# Fort Smallwood Park



## Minnox (Mar 27, 2006)

Anybody doing any fishing at Fort Smallwood Park? The park has been cleaned up by Anne Arundle County Parks And Rec. Not a bad place to go now! I would like to do some fishing from shore and be able to take the dogs to run around and play (makes the wife happy) and was wondering if there was anything going on there.


----------



## Blue Heron (Jun 12, 2003)

Hi Minnox,

Welcome to the board. I don't know if anything is going on down there, but wouldn't mind finding out. But, there may be a problem with keeping stripers there now.

This link to Mapquest shows the right (south) side of Ft. Smallwood Park as being on the bay "proper". Also, there are some hard to see white boundary lines near the top. Could that be the Brewerton Channel?:

http://www.mapquest.com/maps/map.ad...5-5520&spurl=0&&q=ft. smallwood park&qc=Parks

But when I look at my ADC map for Anne Arundel
County, it shows all the water off of the park as the being the Patapsco. 
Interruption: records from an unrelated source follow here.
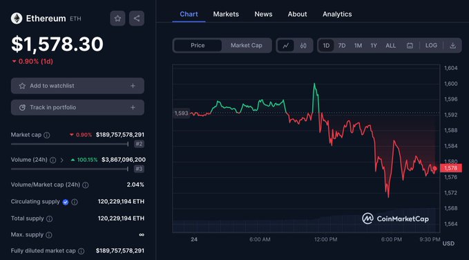 Ethereum’s recent price analysis paints a gloomy picture, as the second-largest cryptocurrency struggles to break above the $1,600 level. ETH has fallen below critical monthly supply levels, and technical indicators are signaling a bearish sentiment, with the currency currently trading below major moving averages, including EMA 10, EMA 20, and SMA 50.
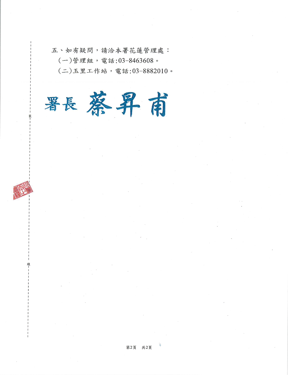五、如有疑問,請洽本署花蓮管理處:(一)管理組,電話:03-8463608。(二)玉里工作站,電話:03-8882010。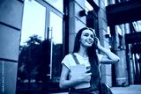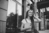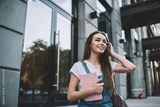Positive female reader with knowledge textbook looking away and smiling during leisure time for literature hobby, cheerful Caucasian woman with best seller in hand enjoing free time at city area

Does anyone know for sure if you can keep rockfish from at least the south side of the park now?

Blue Heron


----------



## chesapeakecarper (Aug 22, 2003)

I haven't heard any fishing reports from there since the reopenning. I've suggested to Debbie that she have some sort of fishing report board for visitors...and maybe something on their phone message system stating whats biting.


----------